Time. Tango is hugely time consuming. You can give it every moment of your spare time and still not feel satisfied. I think it is what keeps so many of us coming back for more. I have an extended family, a part-time job and I'm a freelance writer. I love to cook, to read and  to walk every day and I do yoga at least twice a week. Throw in a few coffees with friends, the occasional trip to the theatre - and there's not a lot of time left. Life needs balance.
Money.  Private classes are expensive, especially if you do them on a regular basis. I don't make a heap of disposable money... and I love to buy shoes, clothes, books, tickets to events, shoes...
The right teacher. I need to find someone I want to learn from and although there are one or two in Sydney I would like to study with, I am not sure I can keep it up.
Those are my main reasons/excuses - but maybe by enrolling in these workshops I will set the ball rolling - after all you will make time to do something if you really want to do it - if I've learnt anything in the many decades I've been on this earth it is that!
And just as an aside - you may be wondering what made me write this piece today? I was musing on why many, particularly men, do not understand the need to improve their tango. Sometimes I will go to a milonga, look around the room and wonder who I would like to dance with - and sometimes there are just two or three I hope will ask me. I was jolted into thinking about this by a man I like to dance with (not my partner) who asked me at milonga recently who else I would like to dance with. Maybe the men are making the same excuses I am?


Raccontango said…
Dear Angelina, your problems are my problems... Thank you for having written them. :)
Chris said…
Angelina, may I ask: what makes you think that more classes will make you a better dancer? Around here, the worst dancers are those who've taken the most classes. The best are those who've spent the most time dancing.
Good point Chris. However what I would like to get from a class is correction or refinement of technique. I have been doing yoga for 13 years now and I still go to classes twice a week - and I appreciate the adjustments and corrections that my regular teachers provide - I think I am hoping for the same thing in tango!
I have been dancing tango for almost the same length of time, but sometimes as a follower I may go to a milonga but hardly dance at all - at a class I will dance - and hopefully learn something along the way!
Patricia said…
"I was musing on why many, particularly men, do not understand the need to improve their tango." Here's a theory, Angelina.

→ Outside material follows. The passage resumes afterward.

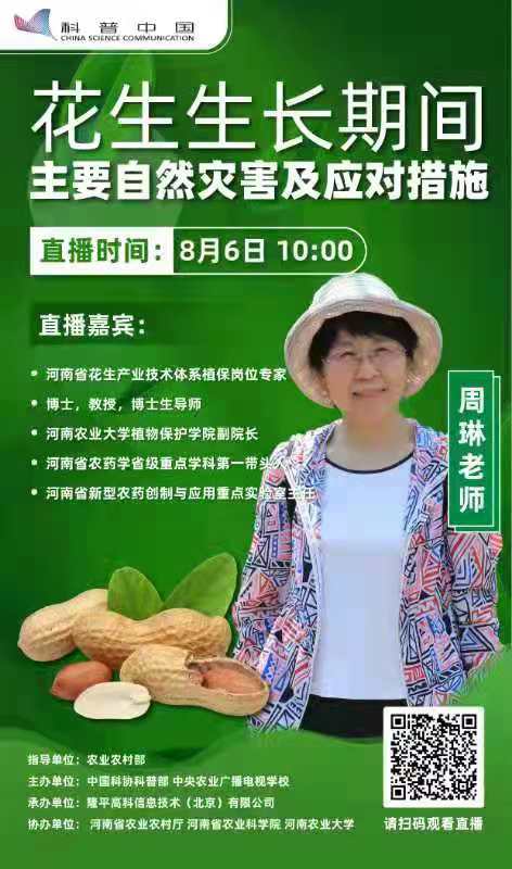 本网讯(通讯员 鲁兴)8月6日上午,河南省花生产业技术体系植物保护岗位专家、性爱视频 周琳教授以"花生生长期主要自然灾害及应对措施"为主题,针对花生易遭受的涝灾、旱灾等气象灾害和病虫等生物灾害,从发生时期、症状表现、防控原理及具体应急措施等方面,在"科普中国"App上进行了线上直播培训,受益群众近万人次,理论深入浅出,技术实用可行,深受广大听众的好评和点赞!

On a recent stay in Buenos Aires, Pedro Sanchez (a lovely milonguero with strong views) made the thought-provoking observation that women determine the standards at a milonga.

Allow me to elaborate: Some women choose to dance with men who pull & push them around, have poor floor-craft, whose personal hygiene is wanting, etc. What incentive do those men have to "lift their game"? Possibly very little.

I'll be blunt. Those men are being rewarded by women for anti-social behaviour. Dare I say, we ladies CAN influence standards. We just need to be determined to do so and simply not accept this.
Such a good point Patricia - I hope you don't mind but I am going to take it as the lead in to my next post!
Chris said…
Well said, Patricia. We have the same problem in the UK. Maltreatment of girls is something that's fostered by the kind of tango dance classes that predominate here. In class, a guy is guaranteed to get a girl to dance with, regardless of how disrespectfully he treats her. Girls cannot reasonably refuse. By joining the class they have agreed to its terms.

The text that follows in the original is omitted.